=== AIM OF THE TASK ===
Print exactly what appears from the line containing "Gewächshäuser und mehr." through the final line of the data below, pictures excluded.

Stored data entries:
━━━━━━━━━━━━━━━━━━━━━━━━━━━━━━

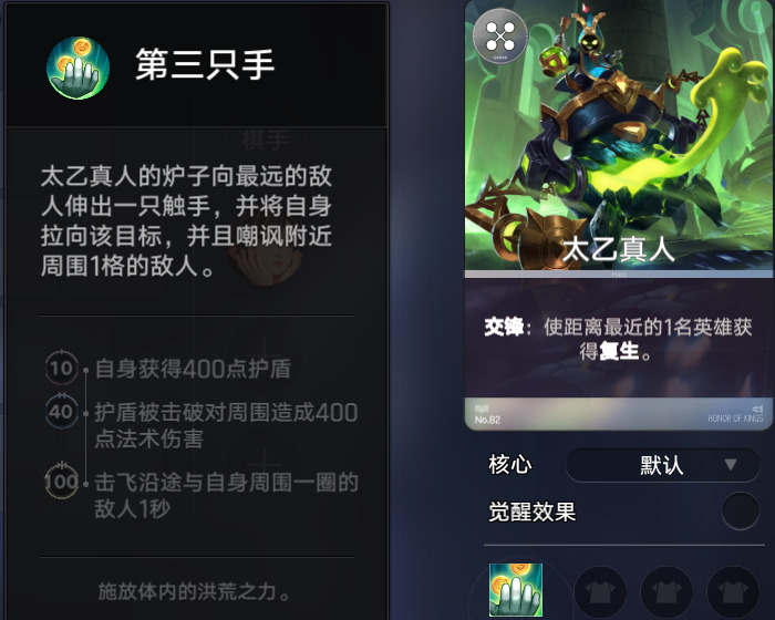 太乙真人可以使距离最近的1名英雄获得复生,极大的增强了单C司空震的容错性,被秒一次还有翻盘的机会。
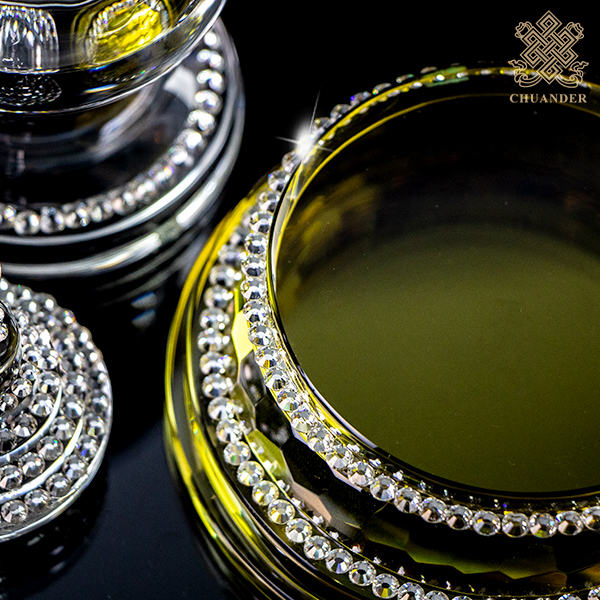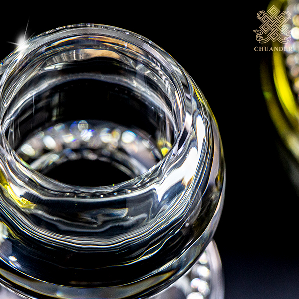 - 大─舍利塔本體直徑約8cm、高約19cm(含蓋),內徑約5cm、深約4.5cm; 底座直徑約13cm、高約5cm,由於丈量方式的不同,因此尺寸可能有2%以內之誤差。
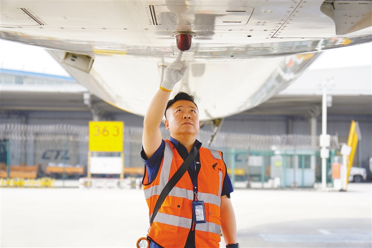 “因為我的家鄉(xiāng)挨著機場,從小就看著飛機起起落落。后來知道有飛機維修這個行業(yè),覺得能親手保障每一架飛機的安全飛行,是件多么有意義的事情,就一頭扎進了這個行業(yè)?!闭劶芭c飛機維修的緣分,何濤眼中閃著光。
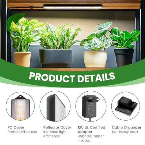 – Einfache Installation: Im Lieferumfang sind Schrauben, Kabelbinder und doppelseitiges Klebeband enthalten, um eine flexible Installation an Pflanzenregalen, unter Schränken oder an Wänden zu ermöglichen. Das 3 Meter lange Netzkabel macht es ideal für Büros, Innenregale, Gewächshäuser und mehr.
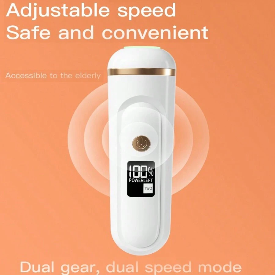 1個帶顯示屏的電動足磨刀; 玻璃磨頭,快速去除老茧,並具有更長的使用壽命; 悄音設計,無噪音電機具有強大的動力和長久的使用壽命; 兩種可調節的速度; 360度水平旋轉;

━━━━━━━━━━━━━━━━━━━━━━━━━━━━━━

=== ANSWER TO THE PROBLEM ===
 – Einfache Installation: Im Lieferumfang sind Schrauben, Kabelbinder und doppelseitiges Klebeband enthalten, um eine flexible Installation an Pflanzenregalen, unter Schränken oder an Wänden zu ermöglichen. Das 3 Meter lange Netzkabel macht es ideal für Büros, Innenregale, Gewächshäuser und mehr.
 1個帶顯示屏的電動足磨刀; 玻璃磨頭,快速去除老茧,並具有更長的使用壽命; 悄音設計,無噪音電機具有強大的動力和長久的使用壽命; 兩種可調節的速度; 360度水平旋轉;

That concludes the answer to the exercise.